Another woman had a jean jacket worn by her spouse that she would wear to feel his arms around her.
Chapman encourages people to use their creativity and tools to make connections, like through FaceTime, Skype, and Zoom.
When it comes to children, even under stress, Chapman suggests you consider their earliest tendencies to understand how to better connect with them.
"You can really determine a child’s love language by the time they’re 4 years old. Observe their behavior. How do they respond to you and other people? My son’s love language is physical touch. When I would come home in the afternoon, he would run to the door and grab my leg and climb on me. He’s touching me because he wants to be touched. Our daughter never did that. At that age, she would say, daddy come to my room, I want to show you something.
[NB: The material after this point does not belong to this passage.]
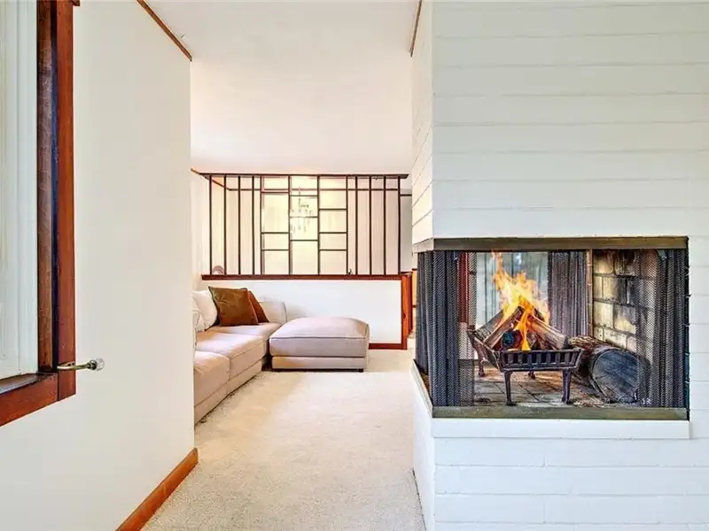 - Double-sided mid-century fireplace

She wanted quality time," Chapman said.
While people may be spending hours together under one roof, Chapman encourages all to consider if it’s really quality time.
"Quality time is not simply sitting on the couch talking. It can be a project that the two of you agree on. Why don’t we cleaning out that closet today. Would you work with me on that? Could we do that for part of our time? Sure let’s do that. The important thing is not the closet, the important thing at least to the person who’s language is quality time. The important thing is we’re spending time together with something that at least one of us thinks is important," Chapman said.
Finally and perhaps most importantly for Chapman, a Christian pastor, is a sense of faith.
"Life’s meaning is not found in possessions. Life’s meaning is found in relationships. And when we develop relationships, our relationship with God and relationships with our each other. We are investing our lives in things that are eternal. Because we are going to live forever, at least in Christian life, and life beyond the grave is fascinating and wonderful, you know?" Chapman said.
Chapman suggests we understand it’s a concerning time, but not to allow it to consume our lives. He finds peace in believing in Jesus Christ.
"We’re going to live our lives through this, and we’re really going to try to make this a positive experience for our family," said Chapman. "These could be great days in the family. If we think in terms of how can we make the most of this. And we could give our children such a wonderful experience during this time with our children, that 20 years from now, they could look back and say wasn’t that great when mom and dad were both were there and they were loving each other and we were loving each other, wasn’t that a great time?"